Partindo das primeiras experiências de uma criança com DV, que é seu próprio corpo, e
das experiências de quem tem uma DV adquirida depois da formulação de conceitos
socialmente compartilhados, é possível afirmar que ambos são capazes de compartilhar
informações que agreguem ao seu contexto as expressões “braço de rio, orelha de livro,
costas do armário” (Chiavegatto, 2009, 87). Tais expressões fazem parte do
conhecimento do esquema corporal humano e, como esses dados, são espontaneamente
compreendidos, dispensam maiores explicações em contextos que não são os que foram
concebidos. Desta forma,
Extremamente produtivos no processamento de novas construções, ativam na mente do intérprete conhecimentos básicos, compartilháveis pela grande maioria dos falantes, o que torna usuais as expressões criadas com base nestes esquemas. Assim, ruas como veias das cidades; esqueletos como estruturas; estreitamento como engarrafamento;raízes como origem estão na base de muitos dos processos figurativos que operam nos enunciados. (Chiavegatto, 2009, p.87)
Os modelos cognitivos idealizados (MCIs) postulados por Chiavegatto (2009) referem-
se especificamente aos conhecimentos supracitados, os quais são armazenados
mentalmente como estruturas quase sempre estáveis. A lacuna que delimitará o grau de
estabilidade entre tais estruturas no momento de interpretação dos enunciados
dependerá, tanto do grau de conhecimento e envolvimentos do leitor DV com o
contexto apresentado, quanto da capacidade de expressão, além do domínio contextual
de quem elabora os registros que serão lidos por este usuário.
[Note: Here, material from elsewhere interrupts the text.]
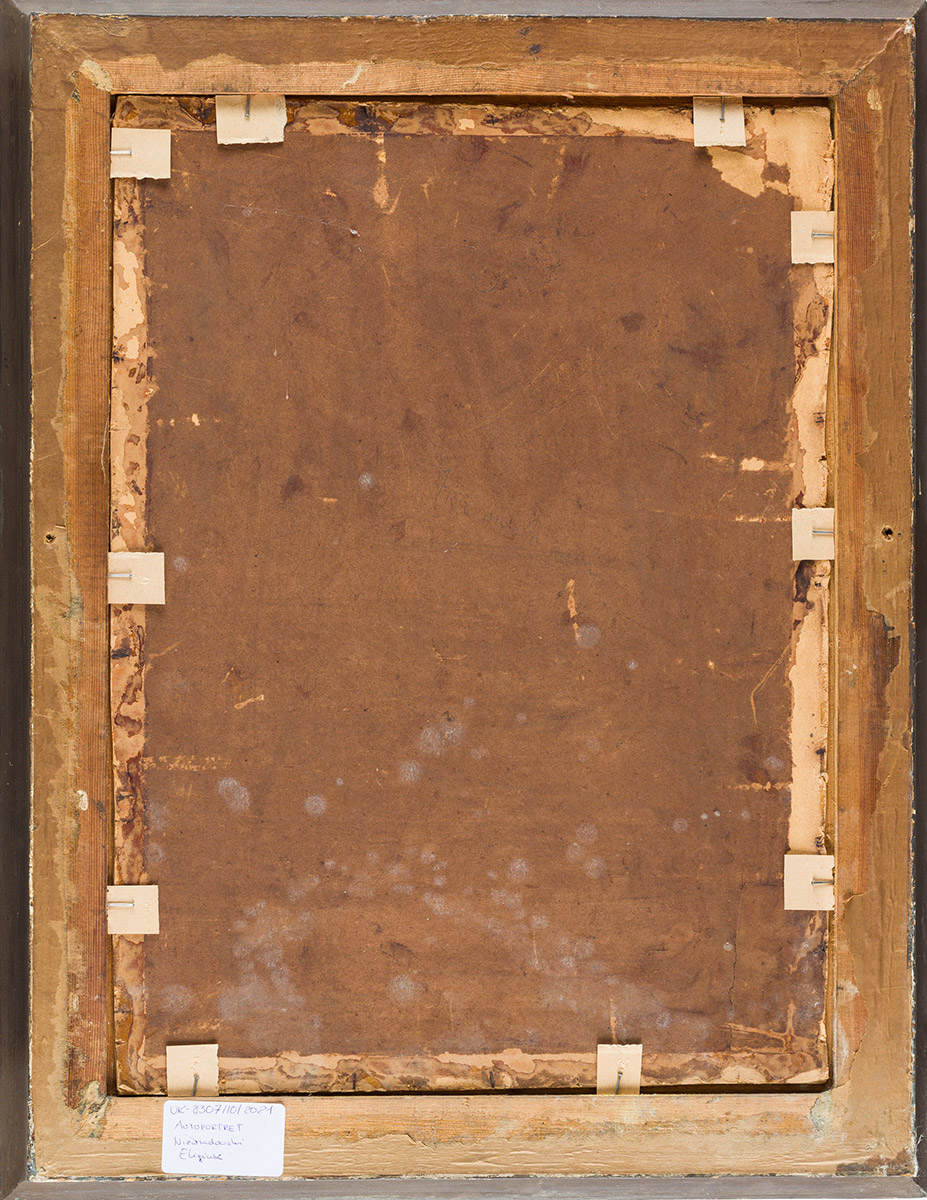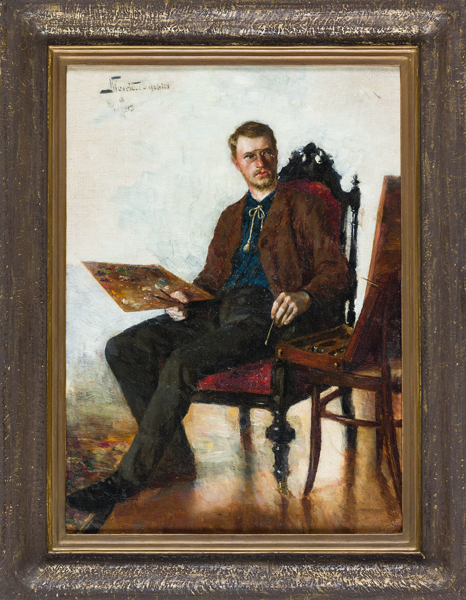 W 1893 roku Eligiusz Niewiadomski namalował swój autoportret. Był wówczas wysoko ocenianym studentem akademii w Petersburgu, laureatem srebrnych medali i stypendystą uczelni. Zainteresowania malarskie Niewiadomskiego skupiały się w okresie petersburskim na aktach, malował tez szkice pejzaży z Finlandii. Dobrze zaznajomiony z historią malarstwa europejskiego jak również z aktualnymi trendami artysta zręcznie wykorzystywał w swoich kompozycjach zaczerpnięte motywy. W nagrodzonej pracy dyplomowej (1894) znać było wpływy Arnolda Böcklina. W oferowanym autoportrecie Niewiadomski przedstawił siebie siedzącego w fotelu w bliżej nieokreślonej przestrzeni. Zwrócony w kierunku malowanego obrazu, z kasetą farb opartą na krześle, artysta trzyma w prawej dłoni paletę, w lewej zaś pędzel. Jego wzrok skierowany jest na płótno. Fotograficzna w swym ujęciu kompozycja zdumiewa równie fotograficznie oddanymi szczegółami, jak binokle na nosie młodego malarza czy rzeźbione nogi i oparcie fotela. Z drugiej strony całość potraktowana jest lekką plamą barwną, ze swobodą artysty pewnego swoich umiejętności. Szczególnie interesujący jest sposób zastosowania światła, które wydobywa portretowanego z nieokreślonej niczym przestrzeni, w której się znajduje. Z przekazów rodzinnych wiadomo, że Niewiadomski namalował przynajmniej jeszcze jeden swój autoportret, na którym jedna z towarzyszących mu nimf ozdabiała skroń artysty wieńcem z wawrzynu. Ślad po nim jednak zaginął. Oferowany autoportret, utrzymany w bardziej realistycznej konwencji, dowodzi istotnego talentu dwudziestoczteroletniego Niewiadomskiego i rzuca zupełnie nowe światło na odkrywaną dziś na nowo spuściznę tego artysty.

Quando interpretamos enunciado, fazemos projeções e transferimos informações entre
domínios que podem pertencer a um mesmo contexto ou não, é possível, o
estabelecimento de transposições de signos que podem assumir novos significados.
Desta forma, quando alguém precisa registrar as impressões que uma imagem lhe causa,
de forma que o leitor DV tenha uma impressão que se aproxime da imagem elaborada
pelo autor do primeiro registro, a escolha dos vocábulos, principalmente das figuras de
linguagem, deve ser criteriosa. Observe as figuras 1 e 2.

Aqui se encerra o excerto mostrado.